◆ TASK STATEMENT
From the first line of the listing below, retype each line up to and including the one with "8.砂鍋的料熬香後,放入焯好"; pictures stay out.

◆ DATA FOR THE TASK

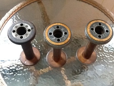 Vintage primitive Spools Bobbin spindles Wood Metal Set Of Three
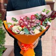 Букет красных альстромерий, роз и зелени
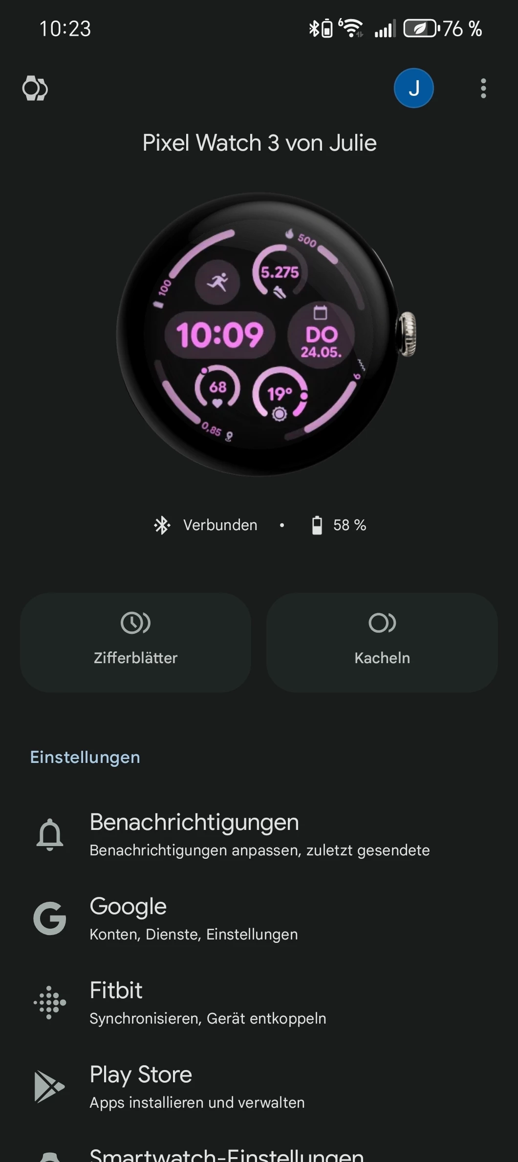 Da Google Fitbit übernommen hat, nutzt die Pixel Watch die Fitbit App. Mit dieser war ich schon vertraut. Neu-User suchen einige Einstellungsmöglichkeiten wahrscheinlich eine Weile, aber das ist bei neuen Apps normal. Um die Uhr allerdings verbinden zu können, muss noch die „Google Pixel Watch“-App installieren. Diese dient auch dazu, um das Ziffernblatt zu personalisieren, Benachrichtigungen anzupassen, Apps auf der Uhr zu installieren und Google Wallet einzurichten.
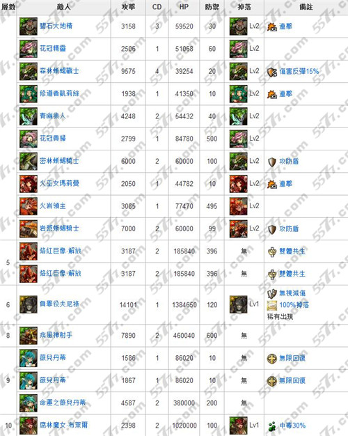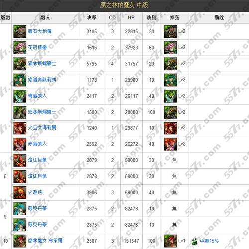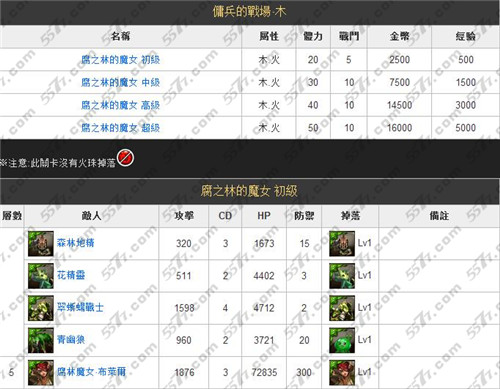 本周佣兵的战场是木属性副本,这个副本在佣兵系列中难度较高,而且没有火属性符石,中级以上的难度会有10 个关卡,高级之后的小怪会带状态,高级以上的烙红巨像‧ 解放的特性,必须同时打死才能过关,高级和超级的第九关会出现2 只薇儿丹蒂,每回合都会自动补满血,必须靠着过人的伤害才能一次解决,超级难度会出现无常之斯库尔德,当她的生命减少攻击力就会越来越高,生命力低于30% 还会增加连击效果,如果队伍中有一只暗影剑豪会很好处理,最后的BOSS 腐林魔女‧ 布莱尔会施放中毒的技能,难度越高造成的伤害也会越多。
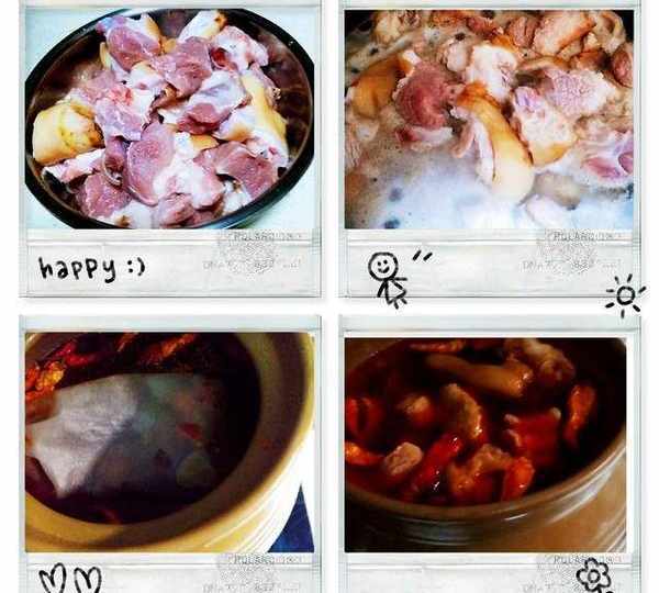8.砂鍋的料熬香後,放入焯好水的豬腳,這步和我的做法有區別,我沒有熬香鹵水,豬腳直接和料一起下鍋鹵,今天看她做,終於發現差在哪裡。
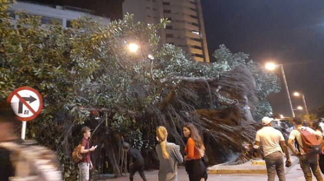 Susto, causó entre los cartageneros la caída de un árbol de Caucho en el Centro Histórico de Cartagena, el cual se encontraba ubicado en inmediaciones de la avenida Venezuela de este sector de la ciudad.
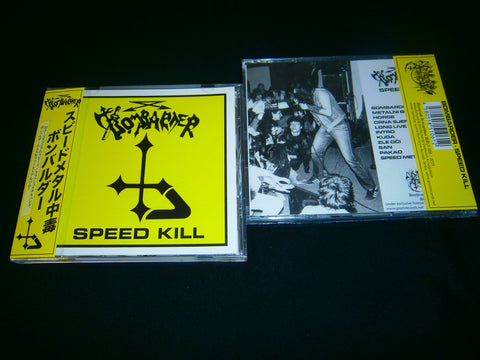Bombarder - Speed Kill. 2021 reissue on CD format of their infamous 1989 first full length album with 11 tracks of Speed Thrash Metal from Bosnia & Herzegovina. Limited Edition comes with obi strip and 4 pages booklet lyrics included. Sealed Item. Essential for Collectors and Recommended for fans of Kat, Evil Blood and Razor.
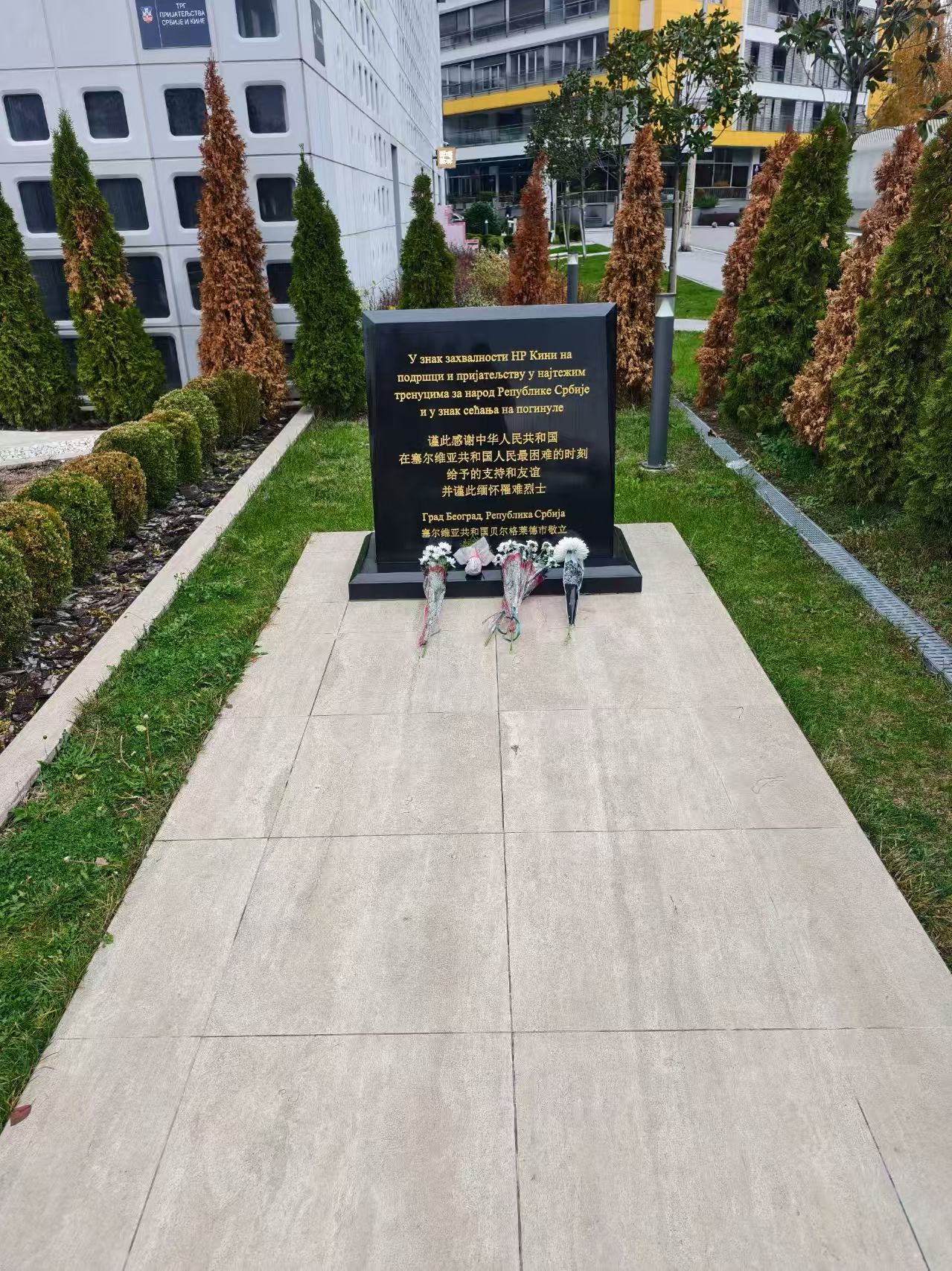 సైట్ వద్ద, బృంద సభ్యులు గతాన్ని ప్రతిబింబిస్తూ "హౌనర్ అమరవీరులు, శాంతిని కాపాడుకోండి" అని రాసి ఉన్న స్మారక చిహ్నం ముందు గంభీరంగా నిలబడి ఉన్నారు. సంక్షోభ సమయాల్లో చైనా మరియు సెర్బియా మధ్య భాగస్వామ్య బంధాన్ని రికార్డ్ చేస్తూ చైనీస్ మరియు సెర్బియా టెక్స్ట్తో చెక్కబడిన నల్లని స్మారక చిహ్నం చుట్టూ తాజా పువ్వులు మరియు చైనీస్ జాతీయ జెండాలు ఉన్నాయి-కాలమంతా గౌరవానికి చిహ్నాలు. "ఇక్కడ ఉండటం వల్ల శాంతి విలువ మరింత స్పష్టంగా కనిపిస్తుంది" అని జట్టు నాయకుడు పేర్కొన్నాడు. "ఈ అమరవీరులు తమ ప్రాణాలతో కాపాడిన శాంతి, జీవితాలను రక్షించడానికి వైద్య నిపుణులుగా మా మిషన్కు పునాది."

◆ REPLY TO THE EXERCISE
 Vintage primitive Spools Bobbin spindles Wood Metal Set Of Three
 Букет красных альстромерий, роз и зелени
 Da Google Fitbit übernommen hat, nutzt die Pixel Watch die Fitbit App. Mit dieser war ich schon vertraut. Neu-User suchen einige Einstellungsmöglichkeiten wahrscheinlich eine Weile, aber das ist bei neuen Apps normal. Um die Uhr allerdings verbinden zu können, muss noch die „Google Pixel Watch“-App installieren. Diese dient auch dazu, um das Ziffernblatt zu personalisieren, Benachrichtigungen anzupassen, Apps auf der Uhr zu installieren und Google Wallet einzurichten.
 本周佣兵的战场是木属性副本,这个副本在佣兵系列中难度较高,而且没有火属性符石,中级以上的难度会有10 个关卡,高级之后的小怪会带状态,高级以上的烙红巨像‧ 解放的特性,必须同时打死才能过关,高级和超级的第九关会出现2 只薇儿丹蒂,每回合都会自动补满血,必须靠着过人的伤害才能一次解决,超级难度会出现无常之斯库尔德,当她的生命减少攻击力就会越来越高,生命力低于30% 还会增加连击效果,如果队伍中有一只暗影剑豪会很好处理,最后的BOSS 腐林魔女‧ 布莱尔会施放中毒的技能,难度越高造成的伤害也会越多。
8.砂鍋的料熬香後,放入焯好水的豬腳,這步和我的做法有區別,我沒有熬香鹵水,豬腳直接和料一起下鍋鹵,今天看她做,終於發現差在哪裡。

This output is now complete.